From an Unidentified Correspondent

[Philadelphia, ca. 1 June 1812]


Permit an American born Citizen of Philada. to suggest his own, as well as the Ideas of many others, of a sudden war and also of a contrary course. A Declaration of war against England at the present time, would expose to the danger of capture 5 or 600 vessels of all descriptions, together with their sailors and cargoes, would involve in ruin and difficulty a majority of Your Merchants and at least half of the insurance offices and Underwriters.

If a war is to remove all restrictions on Commerce & the Spaniards and Portuguese become Neutral, they will increase their shipping Interest, and supply the United States with all we want, and carry away the produce of our soil, that is wanted in other countries. How great a share of British Interest will be employed, I cannot say. Such a state of trade would be precisely what Great Britain wishes, for all the Large ships owned in this country must be sold for a mere trifle or lay and rot, not soon to be reinstated. This course of things would transfer our carrying trade to others, perhaps never to revive and would inevitably ruin thousands who now depend for support solely on the shipping business. The loss of our vessels and sailors now on the ocean, would assist the Power, we wish to injure. Suppose that instead of this course, the Embargo and non-importation Laws were to be continued in force for 30 or 60 days, your war preparations still progressing—this would allow a sufficient time for nearly all your vessels and sailors to return & the loud clamours in England on account of the scarcity of provisions, may produce a revocation of the Orders on Council and avert the calamity of a War. France has as yet done nothing effectual for our trade—in a few weeks more, however, we shall have an opportunity of observing, what it is her intention to do.

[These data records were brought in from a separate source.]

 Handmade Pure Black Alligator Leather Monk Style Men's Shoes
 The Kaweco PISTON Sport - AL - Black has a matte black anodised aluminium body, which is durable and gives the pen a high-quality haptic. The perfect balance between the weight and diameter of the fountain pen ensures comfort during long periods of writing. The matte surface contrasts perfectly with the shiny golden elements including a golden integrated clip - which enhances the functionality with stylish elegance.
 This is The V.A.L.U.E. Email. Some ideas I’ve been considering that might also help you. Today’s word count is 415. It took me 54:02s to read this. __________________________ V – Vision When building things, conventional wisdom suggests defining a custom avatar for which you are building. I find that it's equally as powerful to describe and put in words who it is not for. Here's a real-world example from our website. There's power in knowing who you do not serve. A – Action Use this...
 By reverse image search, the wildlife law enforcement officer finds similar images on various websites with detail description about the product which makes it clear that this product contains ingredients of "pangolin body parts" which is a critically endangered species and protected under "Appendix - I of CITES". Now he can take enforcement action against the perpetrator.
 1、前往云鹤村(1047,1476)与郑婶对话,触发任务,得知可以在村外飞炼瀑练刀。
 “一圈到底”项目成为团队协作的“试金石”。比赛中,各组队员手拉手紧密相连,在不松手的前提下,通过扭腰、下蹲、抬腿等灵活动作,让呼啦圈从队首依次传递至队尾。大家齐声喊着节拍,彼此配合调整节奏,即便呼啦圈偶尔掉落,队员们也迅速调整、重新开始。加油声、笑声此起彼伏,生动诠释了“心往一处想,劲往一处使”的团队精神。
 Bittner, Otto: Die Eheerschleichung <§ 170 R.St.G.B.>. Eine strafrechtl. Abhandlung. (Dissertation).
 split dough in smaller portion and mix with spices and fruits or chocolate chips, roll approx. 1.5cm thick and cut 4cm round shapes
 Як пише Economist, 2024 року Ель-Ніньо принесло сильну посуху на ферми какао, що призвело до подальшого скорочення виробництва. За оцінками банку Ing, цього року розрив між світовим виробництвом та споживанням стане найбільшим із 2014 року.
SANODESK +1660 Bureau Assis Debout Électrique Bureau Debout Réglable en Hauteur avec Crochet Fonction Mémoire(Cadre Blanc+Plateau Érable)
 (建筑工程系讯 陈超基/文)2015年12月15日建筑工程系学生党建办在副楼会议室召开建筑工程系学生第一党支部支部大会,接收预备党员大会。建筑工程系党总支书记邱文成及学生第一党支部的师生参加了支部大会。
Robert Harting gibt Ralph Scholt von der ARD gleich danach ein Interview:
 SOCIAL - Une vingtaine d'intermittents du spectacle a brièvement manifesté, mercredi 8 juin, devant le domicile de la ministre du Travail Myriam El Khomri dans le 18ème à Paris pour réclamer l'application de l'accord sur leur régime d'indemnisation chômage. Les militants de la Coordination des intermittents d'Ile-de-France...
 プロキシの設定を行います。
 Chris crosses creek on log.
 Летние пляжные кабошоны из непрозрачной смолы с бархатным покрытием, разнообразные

If you were to recommend such a course to Congress it would have a tendency to unite the people. At present almost all the reflecting part of the inhabitants from Philada to the Eastward are ave[r]se to a War with England at this time. War should never be commenced, but in conformity with the wishes and feelings of the people.

Another course is the one pointed out by Mr. Pope’s resolution in the Senate,1 which was not supported in that body and if hereafter it were to detach one of the Powers before we could go to war with the other, an Embargo must be laid. Another course is, to allow our vessels to arm, against all, in defence of Lawful trade, this would perhaps in time produce a war. Whatever is done, ought not to promote the interests of other Nations over our own—besides, our Army is not as yet ready to act, neither can it be for some months—and even if [it] were to conquer the Upper parts of Canada, it would injure England, but would not certainly be any advantage to ourselves. But if War is put off and finally averted, it will cause your Administration to be very generally approved of & it will rescue your Country from danger. Your conduct, heretofore, has aimed at peace, and your country calls for a continuation of it’s blessings for some time at least. That you may avert the evils of war is the sincere wish and ardent prayer, of a Friend to you and to his country.

RC (NN). Unsigned, undated. Date assigned on the basis of the 1 June Philadelphia postmark.

1For Senator John Pope’s 8 May 1812 motion to repeal U.S. laws restricting trade with Great Britain, see Jacob Barker to JM, 12 May 1812, and n. 2.